The Golden Pavilion did not amaze Yunluo, but the spirit of this nation made Yunluo feel awed. I continued to take the bus back to the city. When I reached Horikawa near Nijo Castle, it rained heavily again. There was a river outside the window, and cherry blossoms on the riverside were swaying. I couldn't help but sweat for the rest of the trip. Fortunately, when I arrived at the Kamo River, the rain finally stopped.
The place where we got off was Shijo-dori. It was in the Jiyuan area, and there were many women wearing kimonos, some real and some fake. Imagine wearing that for a whole day, with a tight waist and small steps, and carrying weights to keep the upper body straight. It was really not suitable for female men like Yunluo, and to be honest, you can see the obvious difference in quality between the rental kimonos and the real ones at a glance.

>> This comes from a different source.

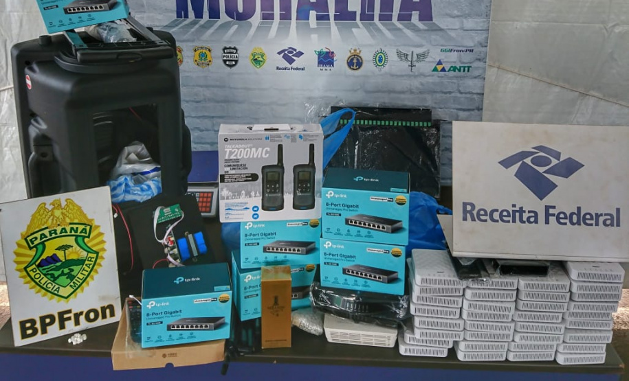Na primeira situação, os policiais estavam em patrulhamento pela BR 277, no âmbito da Operação Muralha, quando abordaram um veículo GM/Classic. Durante buscas foram localizados quatro volumes de mercadorias. Segundo informações do batalhão, dentre os produtos havia uma caixa de som, que ao ser passado pelo equipamento de scanner constatou 55 aparelhos receptores ocultos.

However, Yunluo and Anchuyu found that the clothes worn by Chinese people were much better than those worn by Thai and Vietnamese people. Occasionally, they could also meet hairdressers. Not far away, they came to the flower path on the south side of Jiyuan. The flower path is well-known. It is a small street with the style of the Japanese Edo period and the most stylish place for romance. But now it is also hard to escape the fate of being swarmed by tourist groups.

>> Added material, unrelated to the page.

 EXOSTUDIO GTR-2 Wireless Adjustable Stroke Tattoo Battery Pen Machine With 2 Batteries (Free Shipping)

It's too early to find a real geisha in the bustling crowd. The south of the flower path leads directly to Yasaka Shrine, and if you keep going along the north, you will reach Shirakawa-nandori. After the rain and wind just now, the cherry blossoms on the trees fell in large pieces. Looking around, the green is fat and the red is thin, and there is no way to keep spring. This place is better than the path between flowers.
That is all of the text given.